#### [Stored data]
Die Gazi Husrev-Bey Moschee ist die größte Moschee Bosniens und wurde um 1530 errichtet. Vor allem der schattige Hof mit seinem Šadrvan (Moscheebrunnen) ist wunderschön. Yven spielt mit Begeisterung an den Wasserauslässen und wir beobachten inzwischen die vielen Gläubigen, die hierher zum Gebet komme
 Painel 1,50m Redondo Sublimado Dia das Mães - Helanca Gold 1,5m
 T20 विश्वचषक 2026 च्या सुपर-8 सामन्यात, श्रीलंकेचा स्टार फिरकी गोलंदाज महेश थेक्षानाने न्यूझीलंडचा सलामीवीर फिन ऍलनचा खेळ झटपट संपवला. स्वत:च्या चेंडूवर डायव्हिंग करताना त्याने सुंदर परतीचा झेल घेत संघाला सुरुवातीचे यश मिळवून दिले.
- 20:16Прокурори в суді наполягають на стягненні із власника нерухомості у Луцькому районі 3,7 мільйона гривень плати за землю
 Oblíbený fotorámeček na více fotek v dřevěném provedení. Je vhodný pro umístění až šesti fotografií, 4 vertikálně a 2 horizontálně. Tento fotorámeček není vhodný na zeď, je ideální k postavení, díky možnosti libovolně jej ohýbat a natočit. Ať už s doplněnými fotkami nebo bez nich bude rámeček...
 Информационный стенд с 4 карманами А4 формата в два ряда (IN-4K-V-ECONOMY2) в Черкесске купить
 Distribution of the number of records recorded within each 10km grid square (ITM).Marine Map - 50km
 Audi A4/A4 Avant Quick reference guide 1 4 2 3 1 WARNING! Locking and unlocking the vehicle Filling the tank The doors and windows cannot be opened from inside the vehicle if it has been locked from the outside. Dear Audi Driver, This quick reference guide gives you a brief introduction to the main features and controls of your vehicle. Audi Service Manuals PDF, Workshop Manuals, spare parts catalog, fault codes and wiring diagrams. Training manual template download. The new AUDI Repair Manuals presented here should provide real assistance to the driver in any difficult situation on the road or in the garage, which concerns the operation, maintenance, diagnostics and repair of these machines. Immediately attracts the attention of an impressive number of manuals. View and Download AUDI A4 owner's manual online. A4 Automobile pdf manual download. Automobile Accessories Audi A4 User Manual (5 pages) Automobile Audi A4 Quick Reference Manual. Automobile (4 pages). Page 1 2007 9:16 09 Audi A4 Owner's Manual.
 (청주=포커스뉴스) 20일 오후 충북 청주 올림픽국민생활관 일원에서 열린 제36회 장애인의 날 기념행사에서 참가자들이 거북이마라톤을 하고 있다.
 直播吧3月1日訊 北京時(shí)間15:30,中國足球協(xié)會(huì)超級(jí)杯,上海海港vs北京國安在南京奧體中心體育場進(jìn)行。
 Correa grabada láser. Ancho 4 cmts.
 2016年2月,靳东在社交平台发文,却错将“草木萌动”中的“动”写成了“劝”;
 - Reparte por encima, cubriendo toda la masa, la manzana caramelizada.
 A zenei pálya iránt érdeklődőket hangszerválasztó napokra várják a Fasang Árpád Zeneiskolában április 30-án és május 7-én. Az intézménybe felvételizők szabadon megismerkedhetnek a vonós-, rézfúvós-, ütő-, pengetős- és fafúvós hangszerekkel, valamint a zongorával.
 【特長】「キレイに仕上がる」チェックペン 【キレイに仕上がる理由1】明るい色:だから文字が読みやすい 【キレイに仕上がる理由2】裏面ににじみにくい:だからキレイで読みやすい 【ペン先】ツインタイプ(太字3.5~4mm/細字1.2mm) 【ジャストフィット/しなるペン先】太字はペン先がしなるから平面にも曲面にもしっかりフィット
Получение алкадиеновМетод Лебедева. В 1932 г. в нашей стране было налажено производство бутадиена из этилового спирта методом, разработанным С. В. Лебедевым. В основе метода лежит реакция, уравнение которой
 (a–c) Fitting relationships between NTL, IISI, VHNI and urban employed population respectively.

#### [Task to carry out]
Your reply must contain each entry, reproduced exactly.

#### [Answer to this task]
Die Gazi Husrev-Bey Moschee ist die größte Moschee Bosniens und wurde um 1530 errichtet. Vor allem der schattige Hof mit seinem Šadrvan (Moscheebrunnen) ist wunderschön. Yven spielt mit Begeisterung an den Wasserauslässen und wir beobachten inzwischen die vielen Gläubigen, die hierher zum Gebet komme
 Painel 1,50m Redondo Sublimado Dia das Mães - Helanca Gold 1,5m
 T20 विश्वचषक 2026 च्या सुपर-8 सामन्यात, श्रीलंकेचा स्टार फिरकी गोलंदाज महेश थेक्षानाने न्यूझीलंडचा सलामीवीर फिन ऍलनचा खेळ झटपट संपवला. स्वत:च्या चेंडूवर डायव्हिंग करताना त्याने सुंदर परतीचा झेल घेत संघाला सुरुवातीचे यश मिळवून दिले.
- 20:16Прокурори в суді наполягають на стягненні із власника нерухомості у Луцькому районі 3,7 мільйона гривень плати за землю
 Oblíbený fotorámeček na více fotek v dřevěném provedení. Je vhodný pro umístění až šesti fotografií, 4 vertikálně a 2 horizontálně. Tento fotorámeček není vhodný na zeď, je ideální k postavení, díky možnosti libovolně jej ohýbat a natočit. Ať už s doplněnými fotkami nebo bez nich bude rámeček...
 Информационный стенд с 4 карманами А4 формата в два ряда (IN-4K-V-ECONOMY2) в Черкесске купить
 Distribution of the number of records recorded within each 10km grid square (ITM).Marine Map - 50km
 Audi A4/A4 Avant Quick reference guide 1 4 2 3 1 WARNING! Locking and unlocking the vehicle Filling the tank The doors and windows cannot be opened from inside the vehicle if it has been locked from the outside. Dear Audi Driver, This quick reference guide gives you a brief introduction to the main features and controls of your vehicle. Audi Service Manuals PDF, Workshop Manuals, spare parts catalog, fault codes and wiring diagrams. Training manual template download. The new AUDI Repair Manuals presented here should provide real assistance to the driver in any difficult situation on the road or in the garage, which concerns the operation, maintenance, diagnostics and repair of these machines. Immediately attracts the attention of an impressive number of manuals. View and Download AUDI A4 owner's manual online. A4 Automobile pdf manual download. Automobile Accessories Audi A4 User Manual (5 pages) Automobile Audi A4 Quick Reference Manual. Automobile (4 pages). Page 1 2007 9:16 09 Audi A4 Owner's Manual.
 (청주=포커스뉴스) 20일 오후 충북 청주 올림픽국민생활관 일원에서 열린 제36회 장애인의 날 기념행사에서 참가자들이 거북이마라톤을 하고 있다.
 直播吧3月1日訊 北京時(shí)間15:30,中國足球協(xié)會(huì)超級(jí)杯,上海海港vs北京國安在南京奧體中心體育場進(jìn)行。
 Correa grabada láser. Ancho 4 cmts.
 2016年2月,靳东在社交平台发文,却错将“草木萌动”中的“动”写成了“劝”;
 - Reparte por encima, cubriendo toda la masa, la manzana caramelizada.
 A zenei pálya iránt érdeklődőket hangszerválasztó napokra várják a Fasang Árpád Zeneiskolában április 30-án és május 7-én. Az intézménybe felvételizők szabadon megismerkedhetnek a vonós-, rézfúvós-, ütő-, pengetős- és fafúvós hangszerekkel, valamint a zongorával.
 【特長】「キレイに仕上がる」チェックペン 【キレイに仕上がる理由1】明るい色:だから文字が読みやすい 【キレイに仕上がる理由2】裏面ににじみにくい:だからキレイで読みやすい 【ペン先】ツインタイプ(太字3.5~4mm/細字1.2mm) 【ジャストフィット/しなるペン先】太字はペン先がしなるから平面にも曲面にもしっかりフィット
Получение алкадиеновМетод Лебедева. В 1932 г. в нашей стране было налажено производство бутадиена из этилового спирта методом, разработанным С. В. Лебедевым. В основе метода лежит реакция, уравнение которой
 (a–c) Fitting relationships between NTL, IISI, VHNI and urban employed population respectively.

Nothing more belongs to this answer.